1920 United States Federal Census, Kansas City, Ward 11, Jackson County, Missouri, , roll T625_928, page 4A, Enumeration District 179, image 103, dated 7 January 1920, street: Gilhom Road, house no. 2940, dwelling no. 66, family no. 102, lines 32-34:
“Line 32, Courtland O. Dack, head of household, renting home, male, white, age 30, married, able to read, able to write, born in Missouri, father born in Virginia, mother born in Virginia, able to speak English, occupation: mailer, industry: newspaper.
Line 33, Lillie M. Dack, wife, female, white, age 29, married, able to read, able to write, born in Missouri, father born in Nebraska, mother born in Illinois, able to speak English, occupation: none.
Line 34, Francis O. Dack, daughter, female, white, age 11, single, attended school within the year, able to read, able to write, born in Missouri, father born in Missouri, mother born in Missouri, able to speak English, occupation: none.”

1930 US Census, , Ward 15, Kansas City, Jackson County, Missouri, 5 April 1930, enumeration district no. 48-224, page 222, sheet no. 7A, address: 4116Wayne Street, dwelling no. 75, family no. 110, lines 37-39:
“Line 37, Courtland O’Dick, owns home, value of home: 3000.00, owns radio set, male, white, age 42, married at age 20, did not attend school in last year, able to read and write, born in Missouri, father born in West Virginia, mother born in Ohio, able to speak English, occupation: Mailer, industry: News Paper, class of worker: W, actually at work, not a veteran.
Line 38, Lily M. O’Dick, wife of head, female, white, age 39, married at age 17, did not attend school in last year, able to read and write, born in Missouri, father born in Kentucky, mother born in Illinois, able to speak English, occupation: none.
Line 39, Frances Monk, daughter, female, white, age 21, married at age 21, did not attend school in last year, able to read and write, born in Missouri, father born in Missouri, mother born in Missouri, able to speak English, occupation: none.”
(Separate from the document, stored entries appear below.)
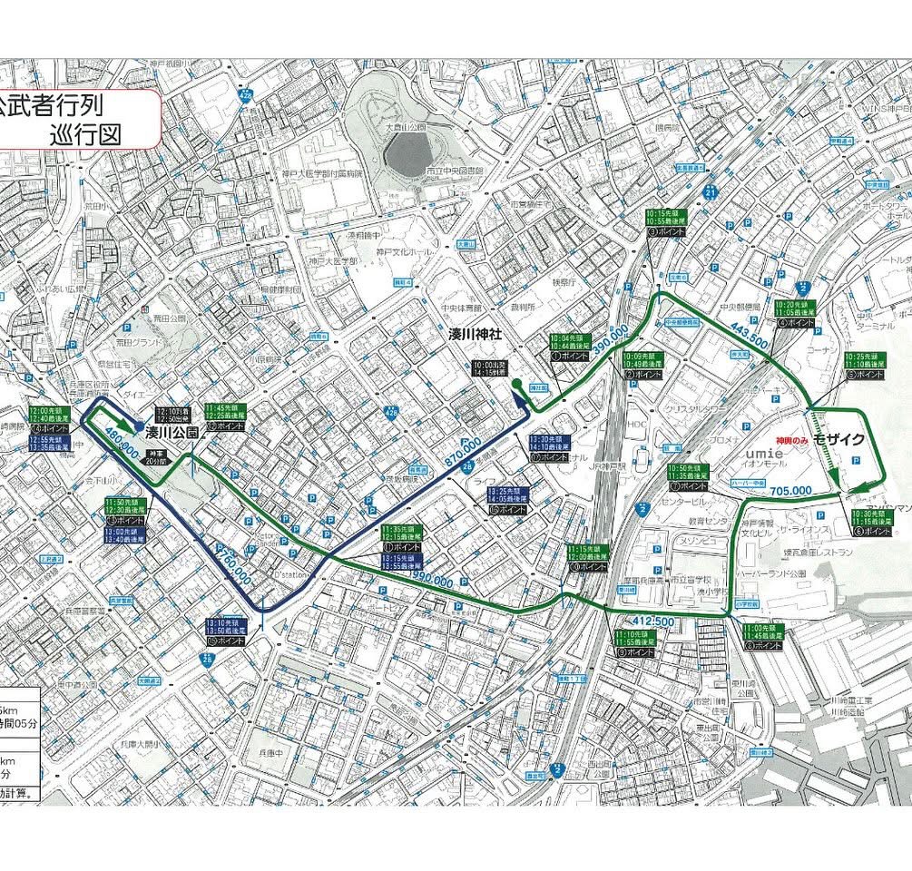 武者行列では甲冑の牙武者が黄金の神輿を先導し巡行するという明治7年から続く御幸神だ。同神社を出発して西元町からハーバーランドを経由して新開地を経て湊川公園を折り返すコースとなっている。
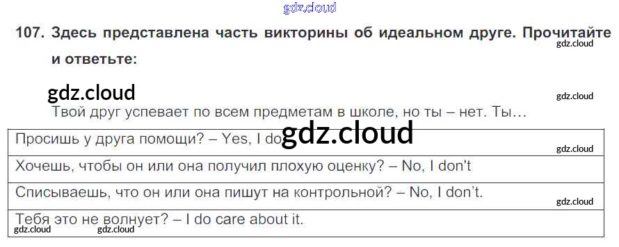 Ответ на задание 107 Учебник Английский язык  за 7 (седьмой) класс Биболетова, Трубанева УМК  2015, 2017
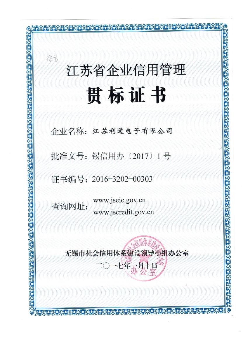 江蘇省企業(yè)信用管理貫標證書<br /> <br />
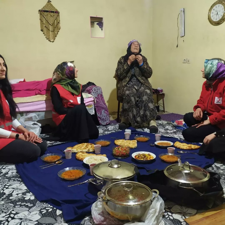 Doğubayazıt Kızılay Şube Müdürü Kemal Şahin ve Kızılay gönüllüleri kendi evlerinde yaptıkları yemeklerini alarak, Doğubayazıt Kızılay’ı tarafından tespit edilen 110 kimsesiz ve yaşlı ihtiyaç sahibi ailelerin evlerine gidip sofralarına oturarak beraber iftar açmaktalar.
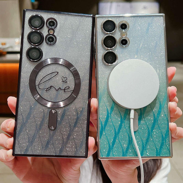For Samsung Galaxy S25+ 5G Dual-Love Leaves Gradient Glitter MagSafe TPU Phone Case(Pink)
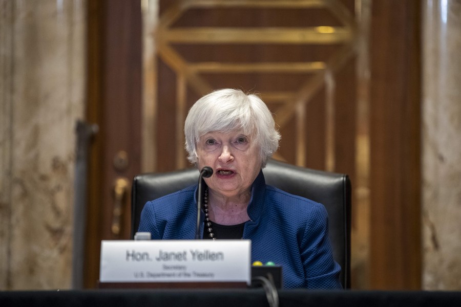 U.S. Treasury Secretary Janet Yellen testifies during a Senate Appropriations Subcommittee hearing of Fiscal Year 2022 Budget for the Department of the Treasury on Capitol Hill in Washington, D.C., the United States, on June 23, 2021. (Photo/Xinhua)
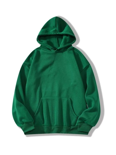 INAWLY 纯色袋鼠口袋保暖内衬连帽衫、长袖上衣 - 綠色 - 查看 1
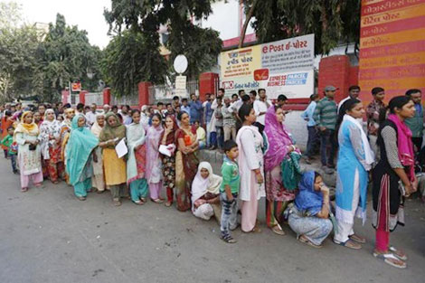 Nhiều người phải túc trực ở trước cửa ngân hàng hay cây ATM từ rất sớm để “lấy chỗ” xếp hàng. Rất nhiều người dân Ấn Độ tỏ ra hoang mang khi phần lớn các cây ATM đều hết tiền mặt.
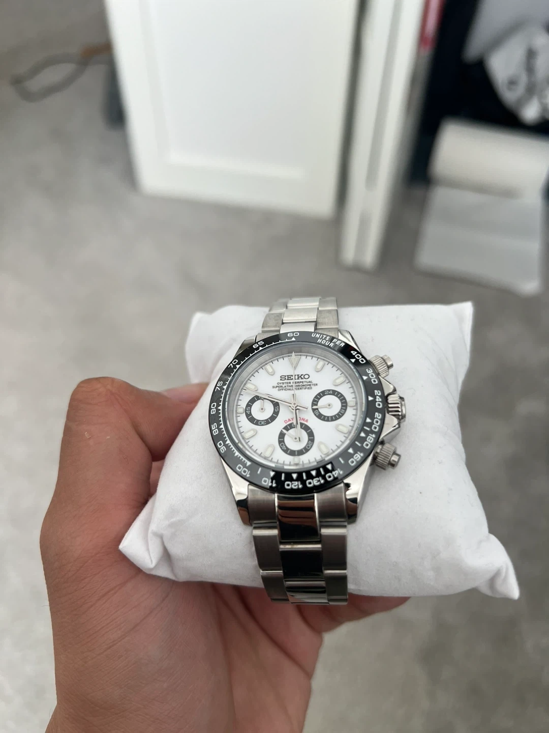 This is a Seiko Perpetual Chronograph watch with a white dial. It's a stainless steel timepiece with multiple subdials and a tachymeter bezel. It comes with an oyster-style bracelet.
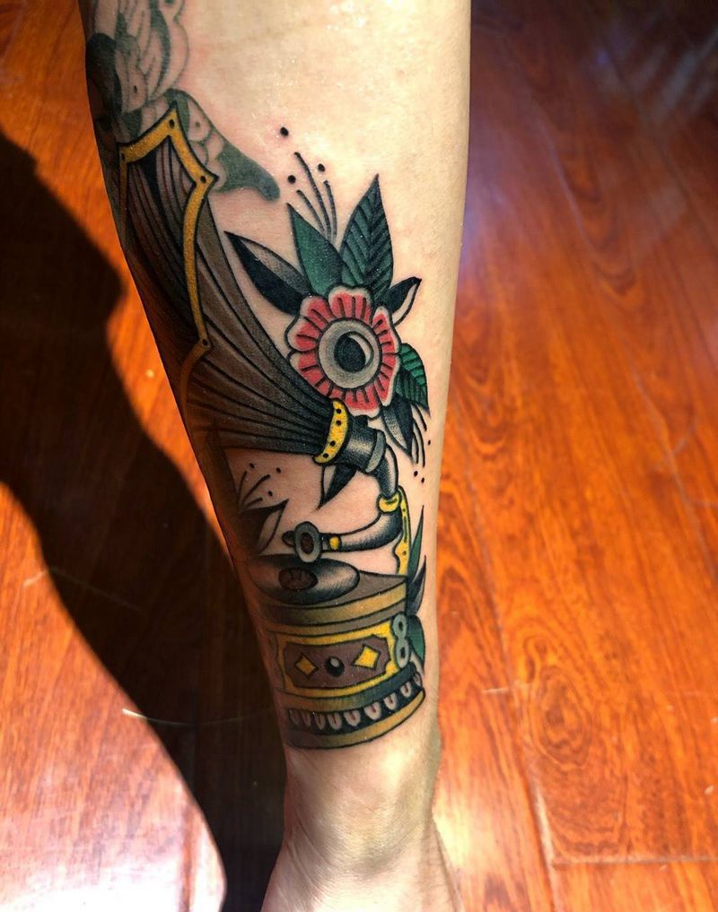 当前位置: 首页 >北京市纹身店-万相TATTOO纹身图案>留声机纹身图片_手臂Old School留声机美式纹身图案

__________________________

I found a clipping from an unknown newspaper that had been laminated and used as a bookmark when I was visiting the home of my grandma, Beverly Monk Spohr (Courtland’s only granddaughter). Here is Courtland Dick’s obituary from that newspaper clipping:
“In Loving Memory of
COURTLAND OLIVER DICK.
__________________________

He Had Been a Mailer for The Star 47 Years.
__________________________

Courtland Oliver Dick, 70, of 4116 Wayne Avenue, died yesterday at St. Luke’s hospital. He had been ill three weeks.
Mr. Dick had been a mailer 47 years for The Star and had been a member of Mailers local No. 7 for 41 years. In 1951 he was a delegate from his local to the International Typographical union convention in Detroit. He was born in Lincoln, Mo., and had been a resident of Kansas City 60 years.
Surviving are his wife, Mrs. Lillie M. Dick of the home; a daughter, Mrs. Frances Monk, 9648 Lee boulevard, Leawood; a sister, Mrs. Emma Miller, 2312 College avenue; a brother, Robert Skillman, El Monte, Calif.; two grandchildren and two great-grandchildren.
Services will be at 2:30 o’clock Tuesday at the Newcomer chapel. Burial will be in Forest Hill cemetery.
The pallbearers will be Robert E. O’Dell, G. R. McNib [?], Clarice [?] Taylor, Robert W. Brown, M. J. Sweeney and Henry C. Slier.[?]
In our hearts a memory is kept,
Of one we loved and will never forget.”